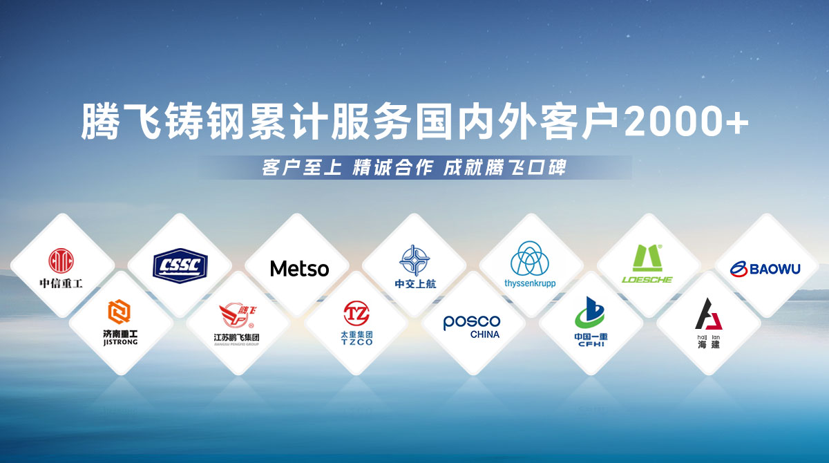 騰飛鑄鋼成立于2006年,位于全國鑄造基地河南省新鄉(xiāng)市,擁有員工300余人,是一家從事150噸以下碳鋼、低合金鋼、不銹鋼鑄鋼件研發(fā)、制造、服務(wù)為一體的國家高新技術(shù)企業(yè)。  公司通過了ISO9001國際質(zhì)量管理體系認(rèn)證,擁有2項發(fā)明專 利,2項河南省科技成果、25項實用新型技術(shù),通過了“環(huán)??冃гu級B級企業(yè)”驗收,先后榮獲“河南省鑄造行業(yè)綠色發(fā)展企業(yè)”、 “河南省科技型中小企業(yè)”、“河南省專精特新中小企業(yè)”等榮譽稱號?! 」緭碛?臺25噸電爐,4臺大型天燃?xì)鉄崽幚頎t、10米回旋自動拋丸機一臺, φ8m數(shù)控立車、φ10m數(shù)控滾齒機等各類高精裝備100余臺套,年產(chǎn)能3萬余噸,能為客戶提供從產(chǎn)品設(shè)計、木模加工、大型鑄造、大型加工一站式服務(wù),產(chǎn)品廣泛應(yīng)用于建材、冶金、鍛壓、冶金、水工、路橋、化工等多個重型行業(yè)?! ¢L期服務(wù)于中信重工、中船重工、美卓、上海中交、萊歇、寶武、濟南重工等全球知名企業(yè),在行業(yè)內(nèi)擁有較高的市場知名度和美譽度。
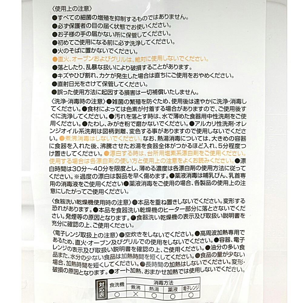 ●すべての細菌の増殖を抑制するものではありません。●必ず保護者の目の届く状態でお使いください。●お子様の手の届かない所に保管してください。●初めてご使用になる前に必ず洗浄してください。●火のそばに置かないでください。など
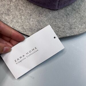 NWT Zara Wool Hat Grey Purple Trim 22”
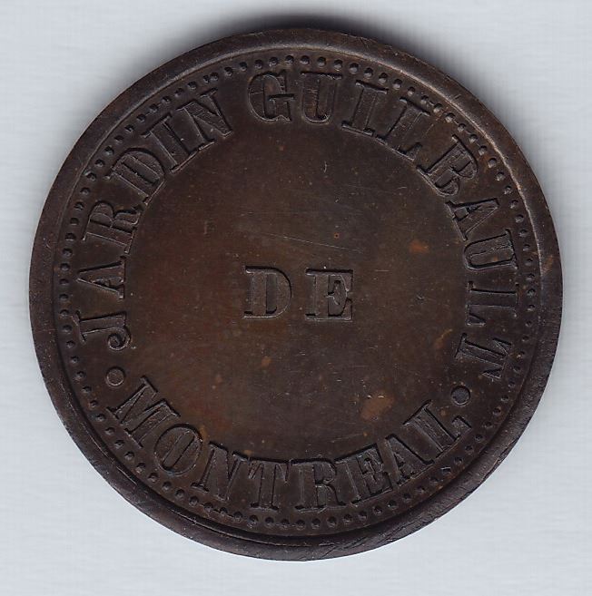 (The French expression for twenty-five cents). Breton relates an interesting story regarding Leroux's visit to the Birmingham medalist, J. Moore, and ordering 500 of the pieces. That population seems accurate, as the piece is not common. The Gardens were a great attraction in Montreal for many years. Joseph E. Guilbault was an early member, noted as a founder, of the Numismatic & Antiquarian Society of Montreal. The Gardens, which moved about, were first established around 1835. With the Gardens, Guilbault also had established a Museum of Curiosities by 1863, and perhaps slightly earlier. Copper. Deep Brown. Unc.
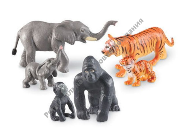 Набор "Животные джунглей. Мамы и малыши" включает как фигурки взрослых животных, так и их детенышей
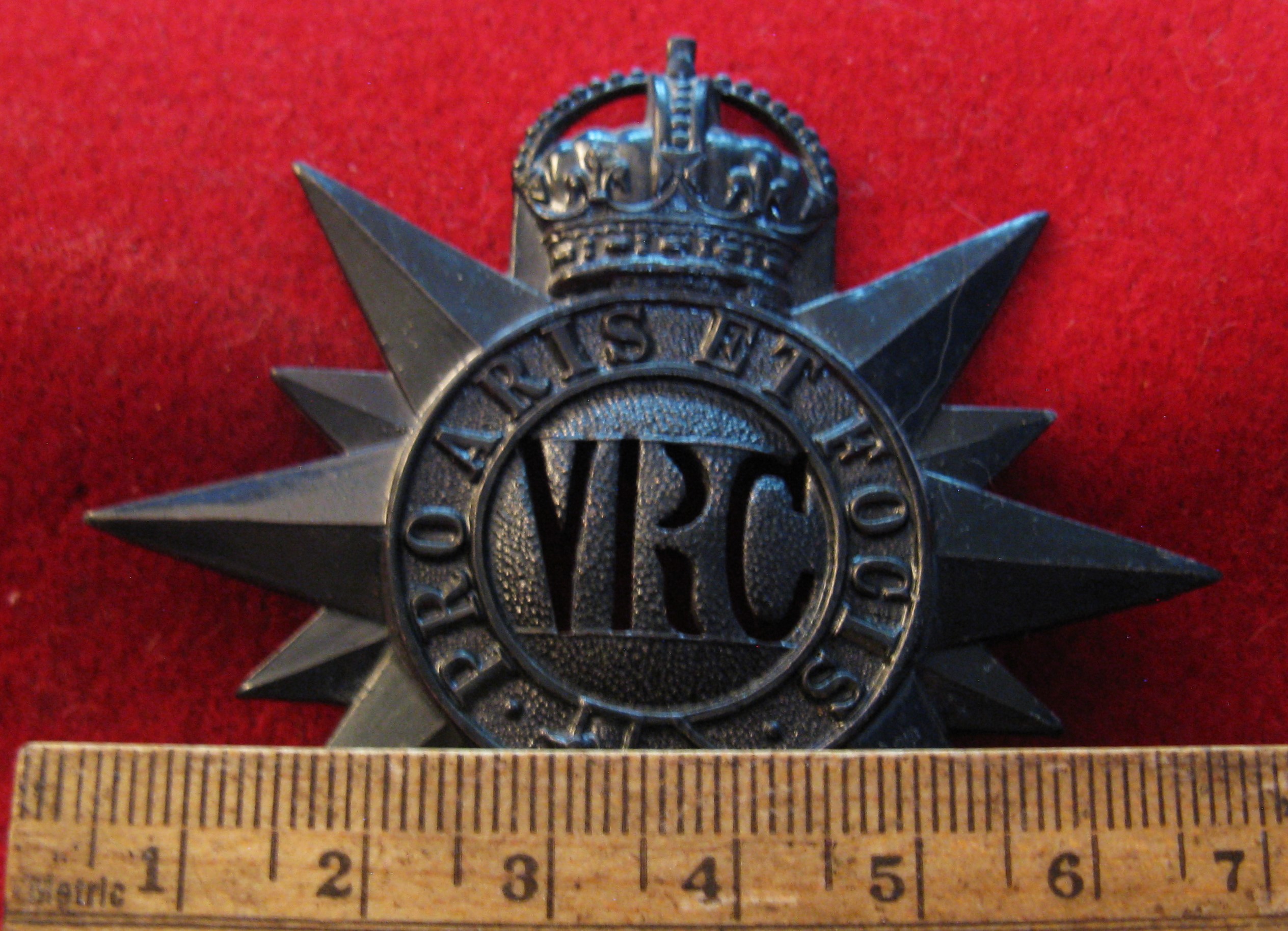 You are viewing the scans of an interesting blackened version of the Victoria Rifles of Canada (VRC). This badge, originally made of white

○ ○ ○ ○

**Goal of the exercise:** Write out word for word the lines above that run from the one with "NWT Zara Wool" to the one with "(The French expression". Include both end lines; exclude the images.

**Solution for this task:**
 NWT Zara Wool Hat Grey Purple Trim 22”
 (The French expression for twenty-five cents). Breton relates an interesting story regarding Leroux's visit to the Birmingham medalist, J. Moore, and ordering 500 of the pieces. That population seems accurate, as the piece is not common. The Gardens were a great attraction in Montreal for many years. Joseph E. Guilbault was an early member, noted as a founder, of the Numismatic & Antiquarian Society of Montreal. The Gardens, which moved about, were first established around 1835. With the Gardens, Guilbault also had established a Museum of Curiosities by 1863, and perhaps slightly earlier. Copper. Deep Brown. Unc.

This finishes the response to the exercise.